_Provided material:_
:::

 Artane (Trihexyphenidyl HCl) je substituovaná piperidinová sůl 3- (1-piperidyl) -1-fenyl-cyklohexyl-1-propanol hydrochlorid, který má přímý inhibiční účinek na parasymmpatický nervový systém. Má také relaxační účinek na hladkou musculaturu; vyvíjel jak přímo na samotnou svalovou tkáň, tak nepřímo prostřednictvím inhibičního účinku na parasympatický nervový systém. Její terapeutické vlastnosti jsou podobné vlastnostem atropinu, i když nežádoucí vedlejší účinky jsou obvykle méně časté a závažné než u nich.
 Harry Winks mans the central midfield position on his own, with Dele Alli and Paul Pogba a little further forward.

:::

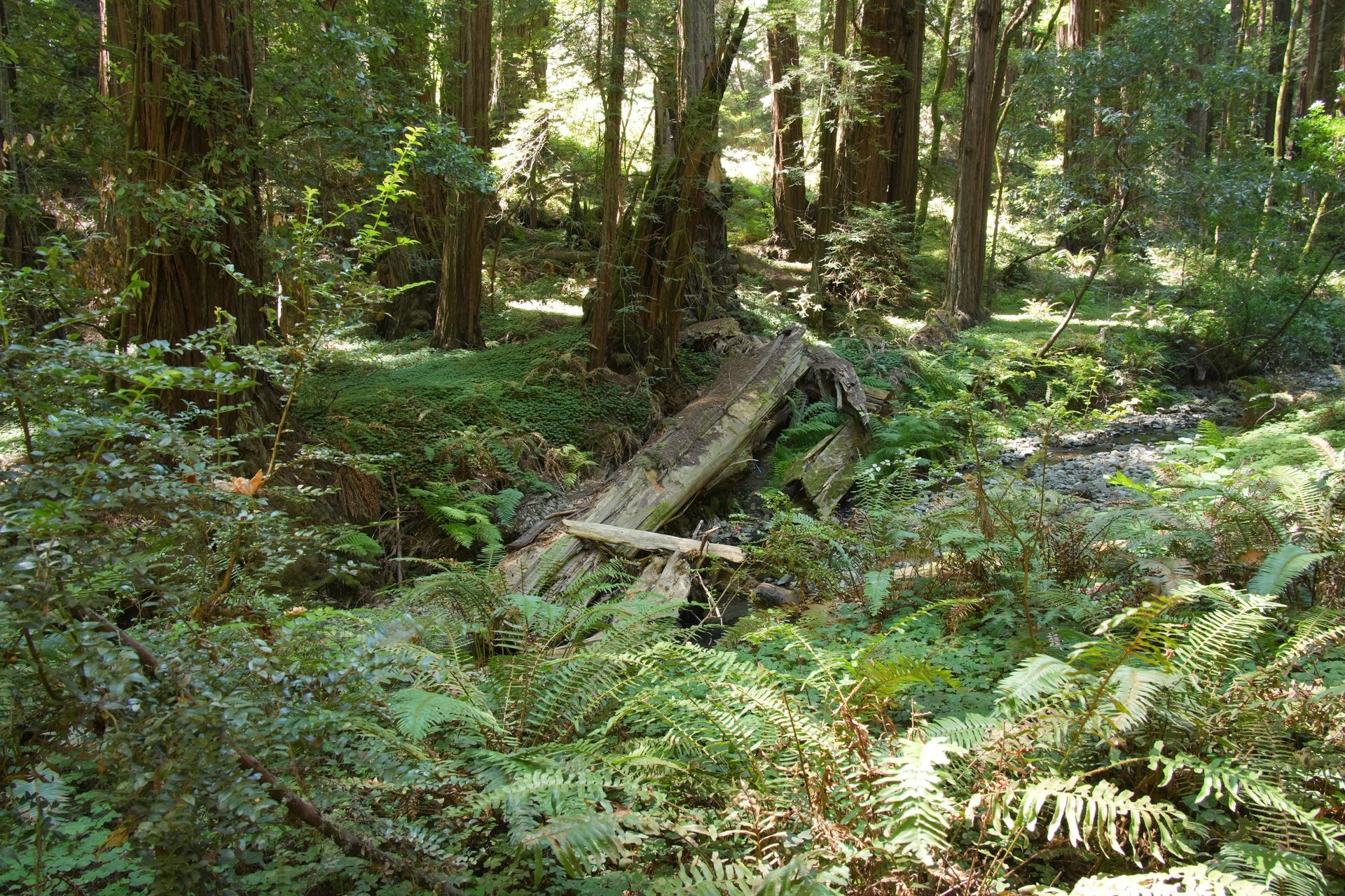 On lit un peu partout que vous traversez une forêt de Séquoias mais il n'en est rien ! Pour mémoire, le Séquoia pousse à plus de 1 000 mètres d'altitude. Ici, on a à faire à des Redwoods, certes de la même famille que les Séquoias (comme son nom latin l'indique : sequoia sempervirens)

:::

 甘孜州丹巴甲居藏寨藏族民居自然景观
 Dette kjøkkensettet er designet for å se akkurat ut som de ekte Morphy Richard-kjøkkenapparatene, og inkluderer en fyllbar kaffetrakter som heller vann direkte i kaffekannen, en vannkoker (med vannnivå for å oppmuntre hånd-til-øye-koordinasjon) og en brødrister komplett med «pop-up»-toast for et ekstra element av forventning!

:::

_What the task asks:_
Within the material above, extract exactly the lines that start at the line containing "甘孜州丹巴甲居藏寨藏族民居自然景观" and stop after the line containing "Dette kjøkkensettet er", and only those.

_Solved exercise:_
 甘孜州丹巴甲居藏寨藏族民居自然景观
 Dette kjøkkensettet er designet for å se akkurat ut som de ekte Morphy Richard-kjøkkenapparatene, og inkluderer en fyllbar kaffetrakter som heller vann direkte i kaffekannen, en vannkoker (med vannnivå for å oppmuntre hånd-til-øye-koordinasjon) og en brødrister komplett med «pop-up»-toast for et ekstra element av forventning!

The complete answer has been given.